We can model the unimodal of distribution.

Then the this constant looks as b to the power of a over gamma function of a.

The gamma function is a smooth extension of a factorial.

That is, the gamma at point n equals to the n minus one factorial.

For example, gamma of five equals to 24.

Its statistics are given as follows,

the mean value equals to a/b.

The mode is a-1/b,

and the variance is a/b squared.

Let's see example how we can apply the gamma distribution to model real things.

Imagine that you run everyday.

You run somewhere around five kilometers.

However, some days you are bit more active.

Some days you are bit tired and so,

you can run 100 meters more or 100 meters less.

This means that the expected value of the distance that you run is

five kilometers and the variance is 0.1-1 kilometer squared.

So, we can model these as your run variable that has a gamma distribution.

We could also use a normal distribution, however,

it would imply that you can run a negative distance, which is impossible.

We can plug in those values into the formulas

for the mean and the variance and find out that a should be

equal to 2,500 and b should be equal to 500 and for density would look like this.

The gamma distribution is actually conjugate to be normal with respect to the precision.

I haven't defined precision yet so let's do that now.

The precision is inverse of the variance.

For example, here are the blue curve has high precision that

these you can easily predict where these samples would be.

However, it has a low variance and

the green line would have high variance and low precision.

Here's the probability density function of a normal distribution.

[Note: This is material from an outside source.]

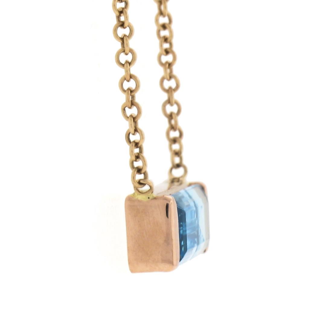 New 14K Rose Gold Emerald Cut Channel Set Blue Topaz Solitaire Pendant & Chain

If we replace the variance with the inverse of that precision,

we'll get the following formula.

Now, we asked ourselves,

what is the conjugate prior with respect to the precision?

Here's our formula again.

If we drop all the constants that do not depend on gamma,

we'll get the following function.

Let's try to find the conjugate distribution in the following way.

It would be proportional to gamma power 1/2 times the exponent of minus b gamma.

What if four cannot?

What do you expect.?

All right. Let's check it out.

Here's our basic formula.

Again, we can drop the denominator since it does

not depend on the parameters and we'll get the form functional form.

If we rearrange the terms,

we see that the gamma now has the power of 1,

which means that it doesn't lie in the same form of distributions.

They wanted, as we considered before had the power of 1/2 so this is a wrong answer.

What if we choose a gamma distribution?

That is we'll have another parameter that would allow us to vary the power of the gamma.

It would look like follows.

Again, this is gamma distribution parameterized by two parameters a and b.

Well, let's try to compute the posterior.

Again, here is our prior.

Here's our posterior.

It is proportional to the likelihood times of prior.

Here is what we get if we drop all the constants.

If we rearrange the terms,

we'll get the gamma to some new power times the exponent of the minus gamma times new

constant and so we can estimate the parameters for the posterior from this form.

So the mean would be a+1/2 and the variance would be b+sum of quadratic term,

and so we avoided computing the evidence simply by choosing the conjugate prior.